Recall that a topological space $M$ is called aspherical if is path connected and the homotopy groups $\pi_n(M) $ vanish for $n\geq 2$.
A (smooth) 3-manifold $M$ is an homology sphere if $H_*(M,\mathbb{Z})\simeq H_*(\mathbb{S}^3,\mathbb{Z})$.
Is true that if a closed 3-manifold is an homology sphere then its 2-skeleton is aspherical? How can we see this?

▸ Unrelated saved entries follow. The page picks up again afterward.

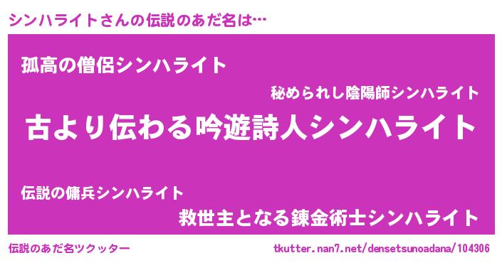 | 男性向けラノベタイトル風あだ名 | 『Re:シンハライトから始める異世界生活』 |
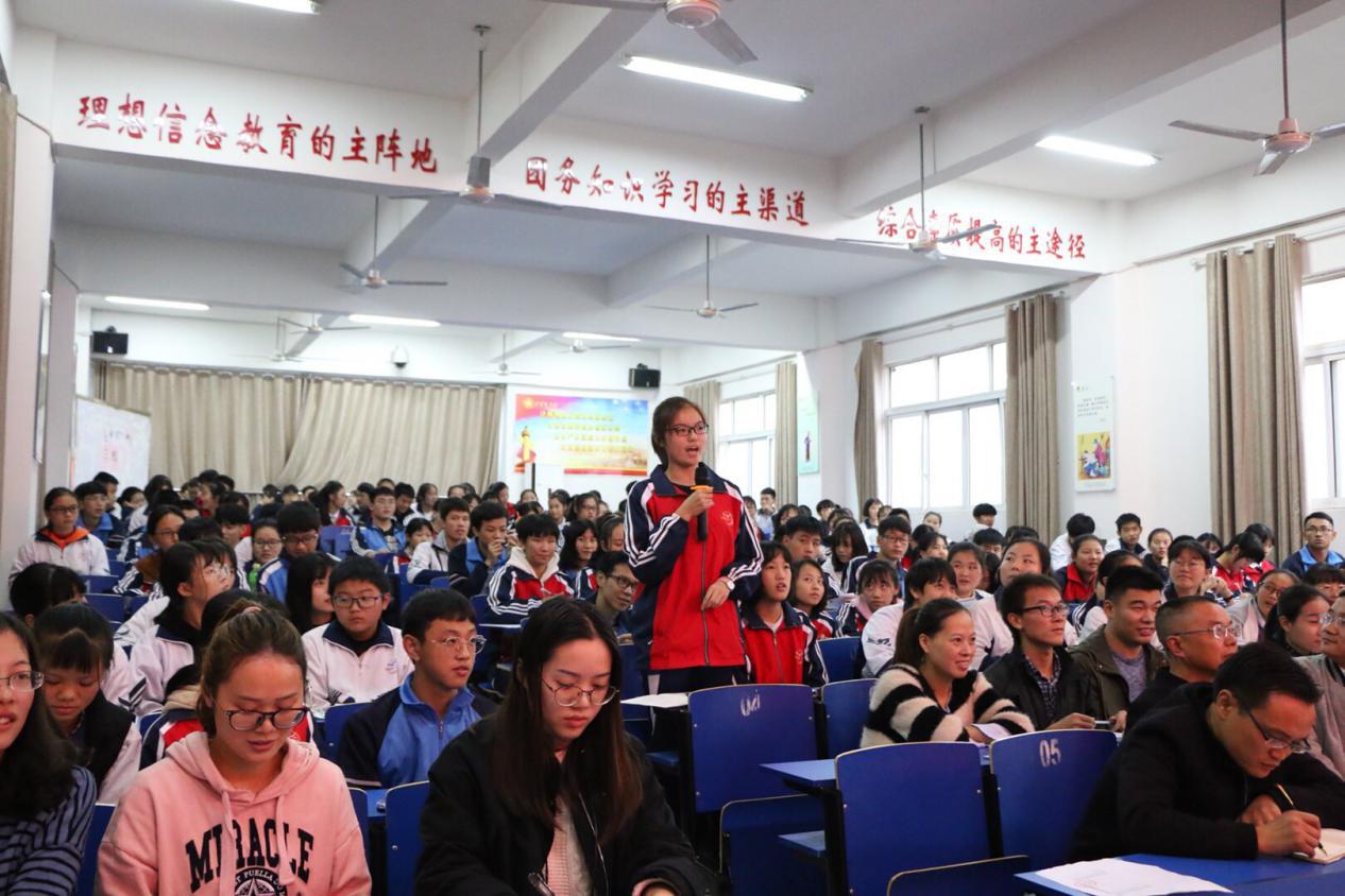 陈书记分别从从国家层面、社会层面及个人层面详细展开讲述如何认识社会主义核心价值观。在国家层面的价值目标,指出了,我们国家能够走到今天,有这样一个发展局面,我们的人民有这样还算满意的生活,是无数仁人志士抛头颅洒热血奋斗的结果。是极为来之不易的。作为当代的青少年我们有理由为我们的祖国感到骄傲。作为青少年学生对世世代代养育我们的土地不仅要有热爱,还有心存敬畏,更要懂得珍惜。在社会层面上的价值取向,自由不是没有规矩;平等不是平均;在个人层面上的价值准则,作为一名学生,学习就是你的职业,全力以赴地学习就是敬业。作为一名学生,考试不作弊,就是诚信,遵守校纪校规,就是诚信,与同学相处不是一言不合就拳脚相加,而知道体谅与沟通,就是友善。我们社会是每个公民组成的,学校也是每个学生组成的,我们每一个公民的行为影响社会的发展,我们每一个学生的行为影响学校的形象。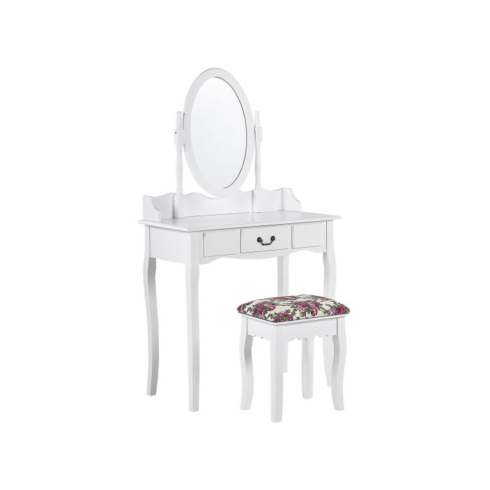 This dressing table will surely find its way to any retro-styled bedroom. Enjoy your toilette sitting on the comfortable stool which is included in the set. The table is equipped both in a drawer and an adjustable mirror, which position can be changed horizontally. The whole set is manufactured from solid MDF, giving off sleek and simple design which is complemented by solid wood, cabriole legs.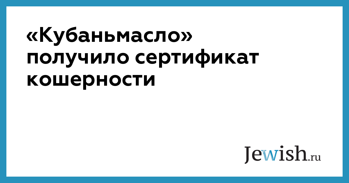 Департамент кашрута при Главном раввинате России выдал сертификат кошерности ООО «Кубаномасло–ЕМЗ» – российскому производителю рапсового и кукурузного масла. В результате проверки производства, проведенной специалистами департамента кашрута, масла под маркой «Кубаньмасло» были признаны кошерными.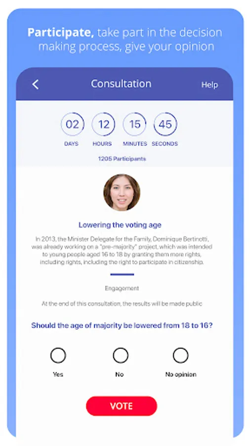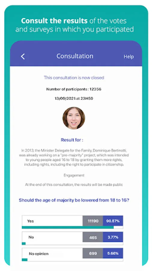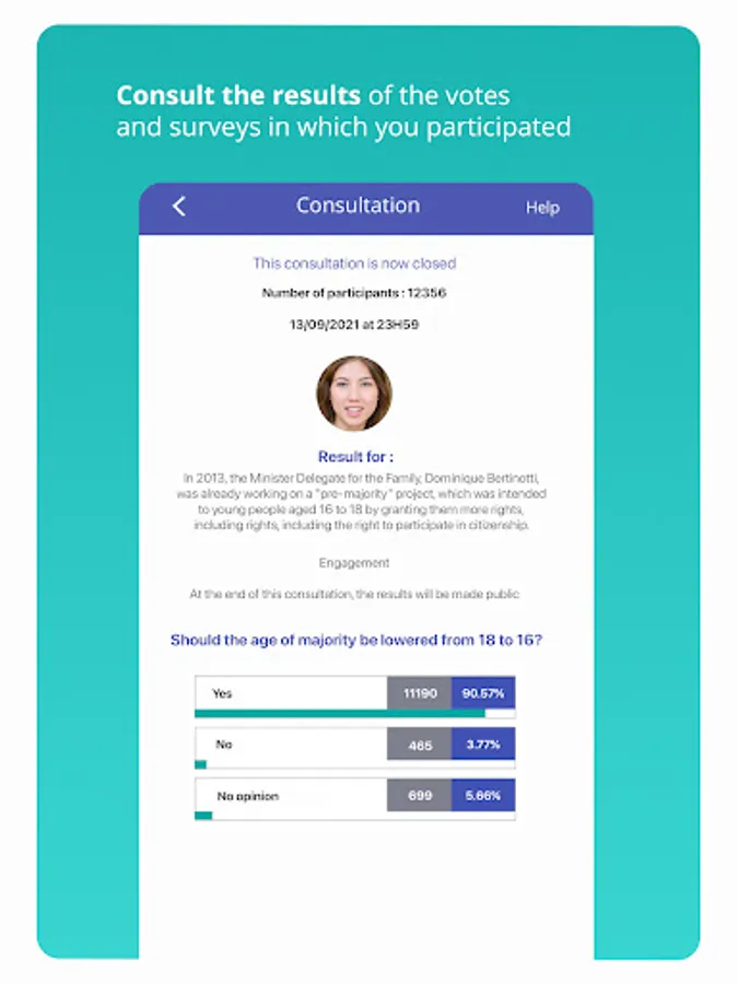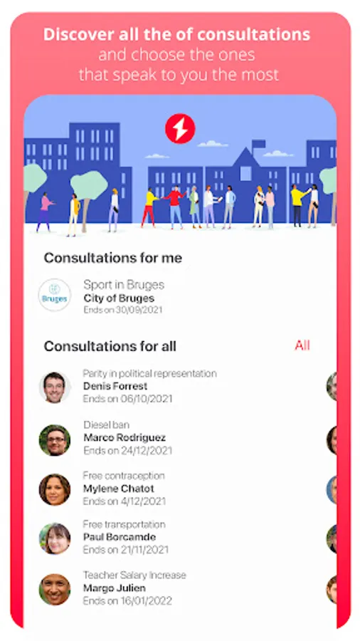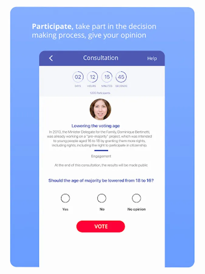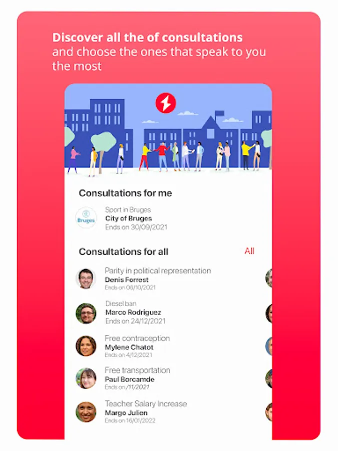 Find out and participate in the consultations to which you are invited, or in one of the many public consultations accessible within the app. Whether it's about the name of a street in your neighborhood, a new sports facility in your city or an arbitration on an organization budget: express yourself on the topics that matter to you.

I was reading a paper that at a certain point says assumes that the 2-skeleton is a $K(\pi,1)$ but I can't see how to use the assumption on the homology groups of $M$ to prove asphericity.
I think you misunderstood what was being claimed.
It is not claimed that the $2$-skeleton of $M$ is a $K(\pi_1(M), 1)$. Rather, there is a $K(\pi_1(M), 1)$ which has the same $2$-skeleton as $M$.
This has nothing to do with homology spheres or even manifolds. If $X$ is a two-dimensional CW complex, then we can add cells in dimensions at least three to obtain a $K(\pi_1(X), 1)$. The two-skeleton of this $K(\pi_1(X), 1)$ is $X$ itself (because we only added cells of higher dimension).